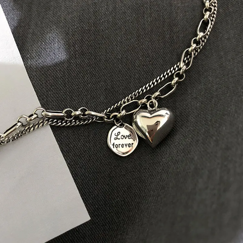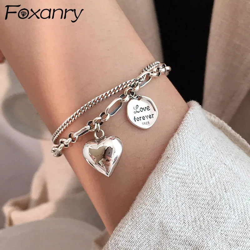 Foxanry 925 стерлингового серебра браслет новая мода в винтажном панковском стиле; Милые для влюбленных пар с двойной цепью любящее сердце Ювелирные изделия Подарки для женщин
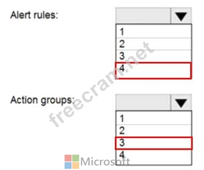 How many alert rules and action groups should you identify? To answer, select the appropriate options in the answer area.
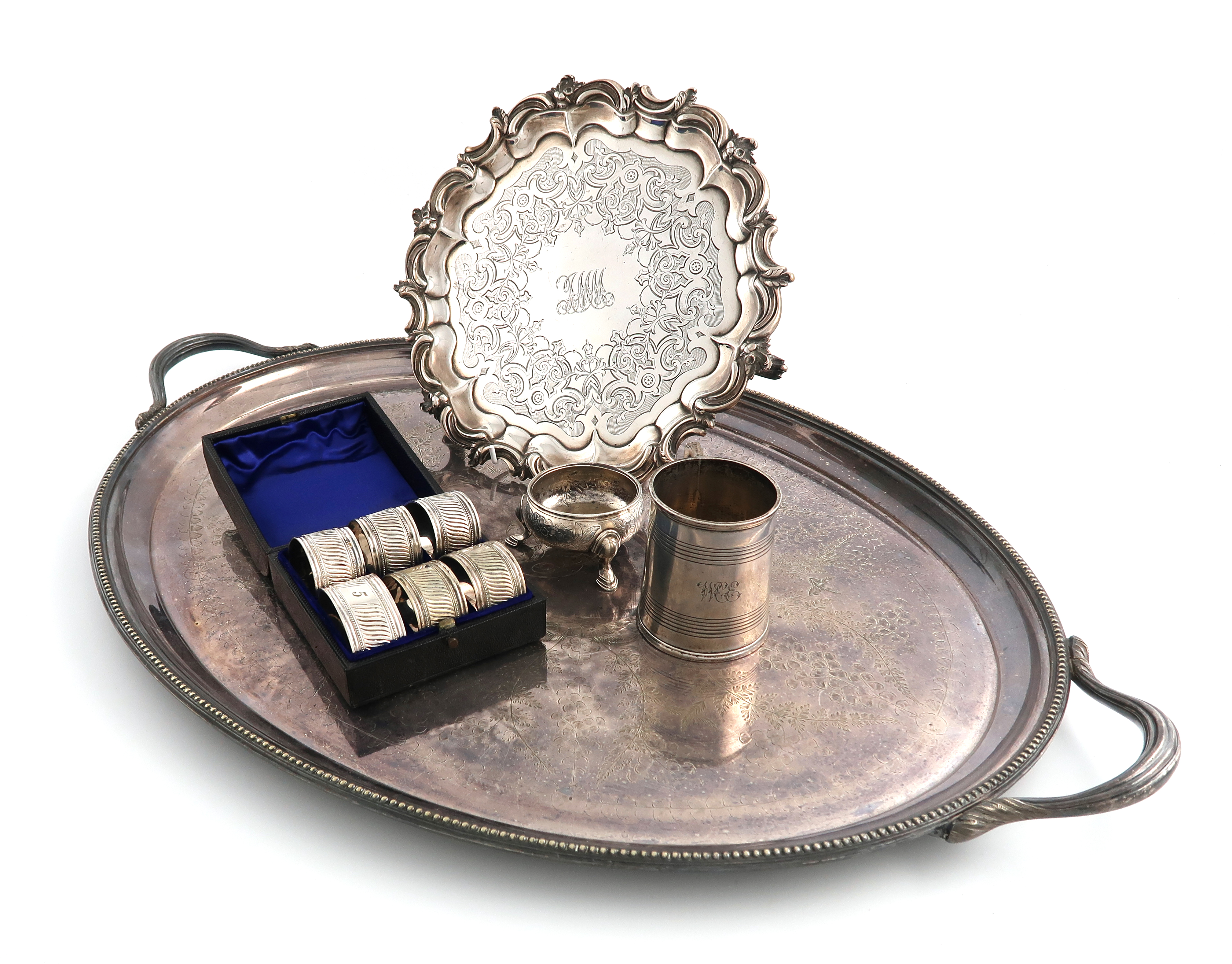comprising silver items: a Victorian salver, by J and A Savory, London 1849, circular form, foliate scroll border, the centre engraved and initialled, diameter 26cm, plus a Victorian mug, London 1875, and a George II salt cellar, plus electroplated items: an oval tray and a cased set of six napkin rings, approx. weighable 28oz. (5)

REQUIREMENT:
The required output consists only of the lines from the one containing "How many alert" to the last line of the material, reproduced exactly, pictures excluded.

ANSWER:
 How many alert rules and action groups should you identify? To answer, select the appropriate options in the answer area.
comprising silver items: a Victorian salver, by J and A Savory, London 1849, circular form, foliate scroll border, the centre engraved and initialled, diameter 26cm, plus a Victorian mug, London 1875, and a George II salt cellar, plus electroplated items: an oval tray and a cased set of six napkin rings, approx. weighable 28oz. (5)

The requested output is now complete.